I always wondered if you could take them off and put a polishing wheel on a bench grinder and use some polishing compound that is made for plastics? Anyone got a opinion on that method?
Thanks
Justind


----------



## ylwmeansgo (Jan 19, 2008)

*Re: Help, restoring..or preventing splotches on my black fender flares (vwguy3)*

usually the buffing pad would build up to much heat and melt the plastic


----------



## jesselyons2002 (Aug 24, 2009)

*Re: Help, restoring..or preventing splotches on my black fender flares (brian81)*

I would go with what he is saying. It does look like someone spray those flare before. Just now the paint is coming off. Duplicor sell a trim paint. I would just mask the flare around and repaint them. But if you sand the flare. You might lose the the texture on them. So try using a paint stripper. So it removes the paint and so you can save the texture if you want,


----------



## vwguy3 (Jul 30, 2002)

*Re: Help, restoring..or preventing splotches on my black fender flares (jesselyons2002)*

I remember an old boss of mine liked to do plastic car models and once told me that if he screwed up on painting the shell of the car to would just soak it in brake fluid. It would strip the paint off but wouldn't harm the plastic model. Just a though and don't know if that would work.

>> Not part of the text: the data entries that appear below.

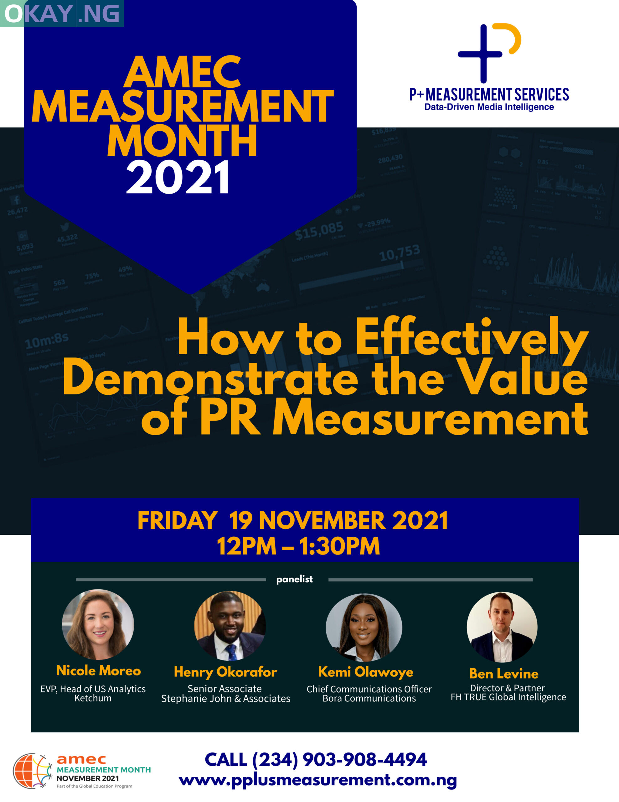 This year’s edition will bring together more than 160 members of the association in 86 different countries around the world and P+ Measurement Services, the foremost media intelligence agency and a member of AMEC is spearheading the 6th edition of the event in Nigeria with the theme: “How to Effectively Demonstrate the Value of PR Measurement.”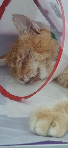 O Paçoca já fez às duas cirurgias que eram necessárias, uma no olho esquerdo e outra no maxilar, no momento ele segue em repouso e descanso ate que possa voltar para sua casa com a sua companheira do dia a dia! Doações ainda são necessárias para continuarmos custeando o tratamento e os gastos que teremos, como alimentação especial, sonda, higiene, etc. Logo que possivel teremos novas atualizações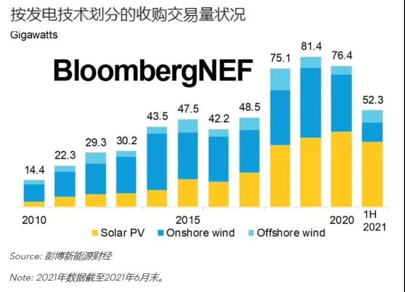 過去三年二級市場上光伏和風電項目交易量保持在較高水平,2020年達到76.4GW。而在2021年上半年投資者成交了52.3GW的項目,到年底成交量有望突破100GW。

I don't know if it would work on all types of paint or just the kind you paint models with.
Thanks
justind


----------



## litesleeper (Sep 19, 2009)

*Re: Help, restoring..or preventing splotches on my black fender flares (vwguy3)*

Duplicolor has stuff for plastic. 
http://www.duplicolor.com/products/bumper.html http://****************.com/smile/emthup.gif


----------